Tra Francia e Cina un rapporto d’affari

Ecosì, dopo cinque anni di assenza, il leader cinese Xi Jinping è tornato in Europa. Anche se sarebbe meglio dire che è tornato in Francia, visto che le altre due tappe erano in Serbia (ricorrevano tra l’altro i 25 anni del bombardamento Nato sull’ambasciata cinese di Belgrado) e in Ungheria, che non possono essere considerate i casi più tipici della galassia europea. In Francia, si diceva, per celebrare i sessant’anni delle relazioni diplomatiche ma soprattutto per sancire il principio, caro alla Cina che il commercio e gli affari guariscono tutti i mali.

Da questo punto di vista Pechino ha scelto con la solita sottigliezza. L’Italia, che aveva aderito al progetto della Nuova Via della Seta con il governo Conte e se n’è ritirata con il governo Meloni anche per le pressioni degli Usa, è stata saltata a piè pari.

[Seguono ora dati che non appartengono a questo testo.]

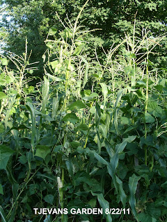 The Pole Beans are to climb up the corn stalk next to it. They provide enrichment's in the soil the other crop needs, and the squash below is to help prevent weeds. WE found that we will never do this again. IT was a MESS. The beans grew to other stalks making it impossible to move through the stalks easily. The beans drew Japanese Beetles to the corn. The Squash never received enough sun and it definitely did not shield the weeds.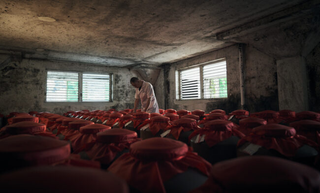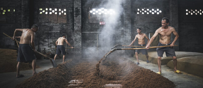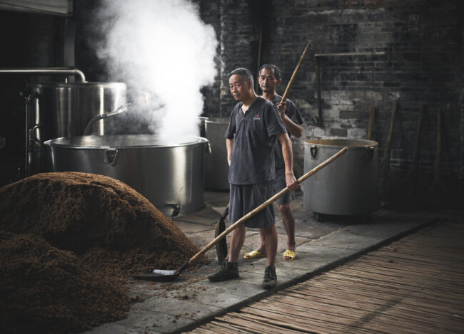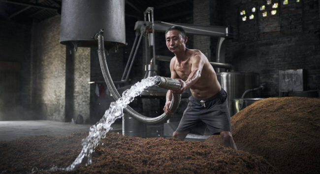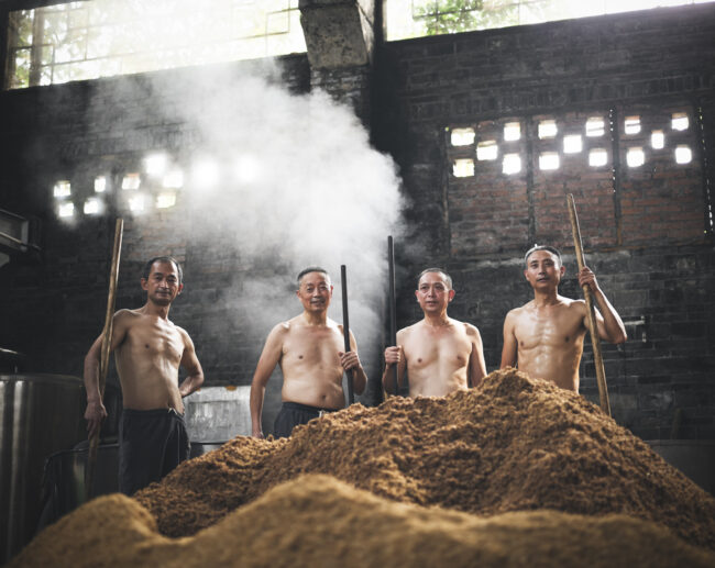 Pour l’agence City Shake, nous avons eu l’honneur d’aller documenter ce processus ancestral au coeur des immenses usines du groupe Shede, l’un des leaders chinois de distillation du baijiu. Au coeur de la province du Sichuan, nous avons passé une semaine en immersion parmi les ouvriers et artisans qui réalisent cet alcool, pour réaliser un reportage photo avec nos regards occidentaux.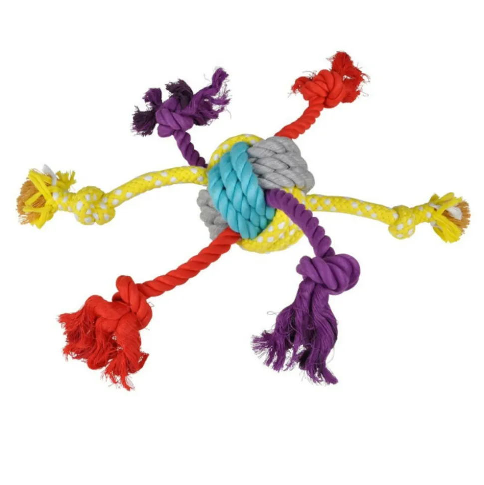 Dimensions : D. 11 x H. 42 cmMatière : CotonSpécificités : Pratique & UtileJouet pour ChienCorde & 6 NoeudsPoids : 0,571 kgCouleur : Multicolore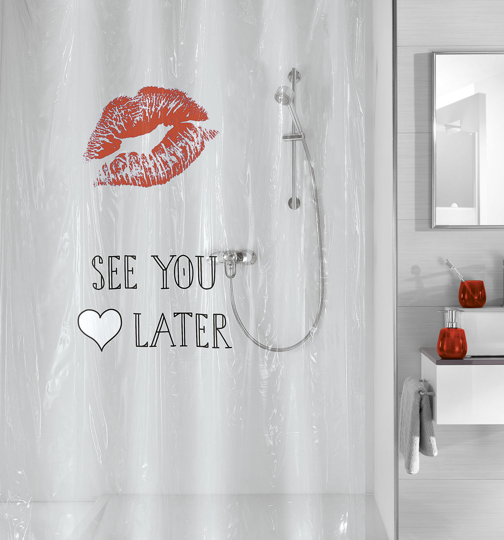 Koupelnový závěs je vyroben ze 100% PEVA. V horní části závěsu je pevný pásek s otvory na kroužky.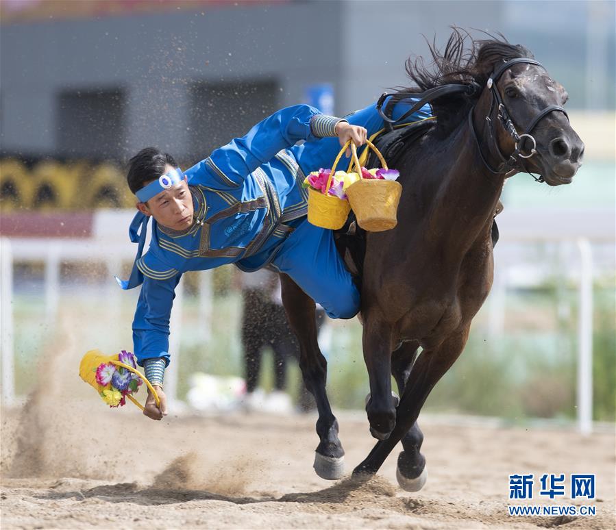 7月15日,内蒙古代表团选手表演马上技巧。 当日,在内蒙古呼和浩特市举办的第十一届全国少数民族传统体育运动会马上项目进入第四个比赛日。 新华社记者沙达提摄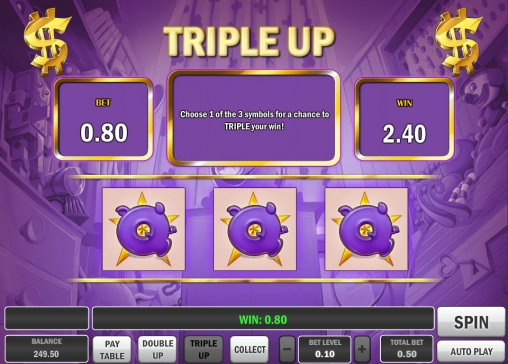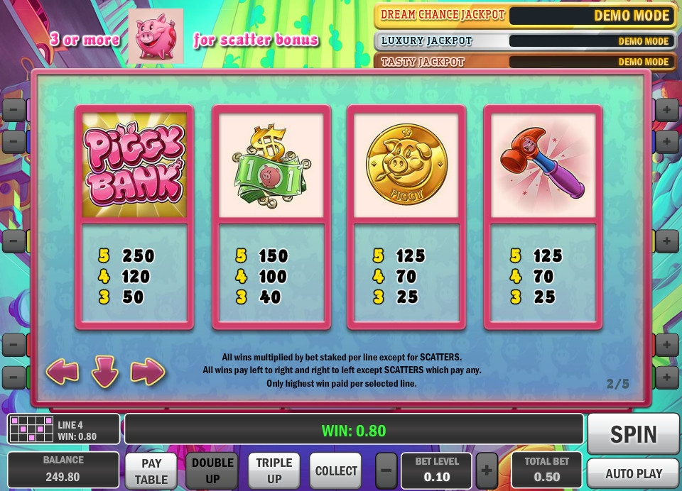 Очень простая игра. Именно про такие я говорю - то что надо! Но это все только внешне. В игре приличное количество индивидуальных настроек, что приятно радует. Максимальная ставка 50 долларов. Минимальная - цент. Самое главное что меня радует в такого рода автоматах - они не тормозят и погружают в и гру с "головой". В игре есть бонусная игра с разбиванием копилок и целых три накапливаемых джекпота, розыгрыш которых производится среди всех участников сети. Джекпота я так и не дождался, а вот бонусные свинки-копилки собирал часто. Игра по мне. Она мне напоминает пятибарабанный слот с семерками. Для тех кто в курсе - поймет. Советую попробовать свои силы, думаю вам понравится.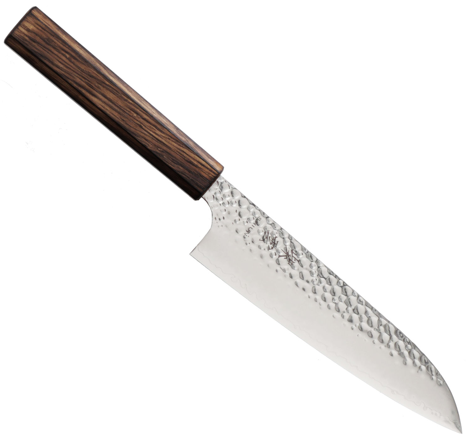 Shiun VG-10 is an incredibly affordable knife made from the hard stainless steel VG-10. The blade is thin and fine, and the knife comes with an impressive sharpness. The finish on the blade is called tsuchime, a hammered texture that gives a rustic impression. This is enhanced by the oak handle, which has been charred to a dark finish.

Il nuovo interlocutore della Cina per l’Europa è la Francia di Emmanuel Macron, che alla Via della Seta non ha mai aderito ma ha sufficiente cinismo e orgoglio per andare senza troppo rumore contro i principi che afferma ad alta voce. Indicativo l’incipit macroniano all’incontro con Xi: parleremo di commercio, concorrenza, finanza, mercati... e poi anche di Ucraina e Medio Oriente. Non male per il presidente che poche ore prima invitava (di nuovo) a mandare truppe europee in Ucraina.

Senza gridarlo sui tetti, Macron e Xi Jinping si sono incontrati anche per facilitare la conclusione di un mega accordo di cui si discute da tempo: la fornitura da parte di Airbus, l’azienda europea (con forti interessi francesi) che è ormai il primo produttore di aerei al mondo e che l’anno scorso ha firmato per la costruzione di una seconda catena di montaggio in Cina, di centinaia di velivoli per il secondo mercato aeronautico mondiale, quello cinese appunto. E su questa linea, appena mascherata dai ricevimenti e dalle visite culturali della signora Brigitte e della signora Peng Liyuan, è proseguito il summit tra i due presidenti. Il pur asfittico mercato europeo dell’auto elettrica stenta a contenere l’offensiva dei modelli cinesi a basso costo, che sono ormai uno su quattro tra quelli circolanti, e la Cina domina la produzione dei dispositivi necessari alla mobilità elettrica? Bene, le industrie francesi siglano una serie di accordi con quelle cinesi per l’assemblaggio e il riciclo delle batterie. Certo, Macron potrà dire ai francesi di aver ottenuto nuovi posti di lavoro. Buon per la Francia, ma tutto questo che cos’ha a che fare con l’Europa?

Dal canto suo, Xi Jinping porta a casa la riaffermazione di quella che a Pechino considerano, prima che una filosofia politica, una regola di buon senso: potete dare la caccia ai nostri hacker e alle nostre spie, criticarci per Hong Kong e per gli uiguri, ammonirci per Taiwan, mettere dazi alle nostre merci, ma se volete far girare l’economia prima o poi dovrete passare da noi. Si tratta, fuor di dubbio, di una delle conquiste del decennio di potere di Xi Jinping, tutto dedito a sviluppare la Cina dal punto di vista tecnologico e a far crescere il suo peso nei settori strategici.

Forte di questa condizione, il leader cinese ha potuto ignorare i ripetuti appelli a smettere di aiutare la Russia, che in Cina trova quasi tutto ciò che l’Occidente le nega. Acquisti di gas e petrolio russi a parte, l’esportazione cinese verso la Russia di beni a doppio impiego (civile e militare) è cresciuto del 60% dal giorno dell’invasione. Un contributo alla causa del Cremlino che, come abbiamo visto in questi due anni e mezzo, è riuscito a vanificare il pur notevole contributo occidentale (siamo ormai sui 280 miliardi di dollari) alla causa dell’Ucraina.